***** Records for this exercise
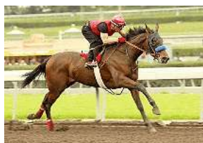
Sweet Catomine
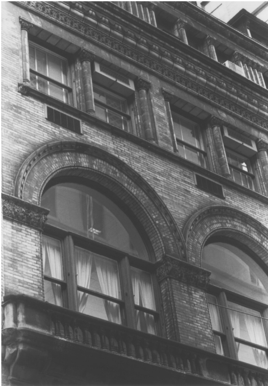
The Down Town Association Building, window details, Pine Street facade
**********
***** Records for this exercise
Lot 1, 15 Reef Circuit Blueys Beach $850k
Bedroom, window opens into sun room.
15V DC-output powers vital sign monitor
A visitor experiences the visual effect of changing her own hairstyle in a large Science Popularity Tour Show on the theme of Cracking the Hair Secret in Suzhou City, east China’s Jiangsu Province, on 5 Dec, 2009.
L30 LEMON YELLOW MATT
**********
***** Records for this exercise
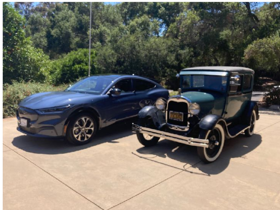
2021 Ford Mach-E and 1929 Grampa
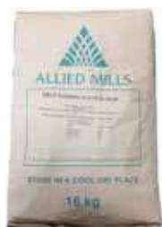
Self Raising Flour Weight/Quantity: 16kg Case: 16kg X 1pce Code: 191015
**********
Out of the data above, transcribe exactly and only the lines starting with the line that has "A visitor experiences" and going on through the line that has "L30 LEMON YELLOW MATT", both included.

A visitor experiences the visual effect of changing her own hairstyle in a large Science Popularity Tour Show on the theme of Cracking the Hair Secret in Suzhou City, east China’s Jiangsu Province, on 5 Dec, 2009.
L30 LEMON YELLOW MATT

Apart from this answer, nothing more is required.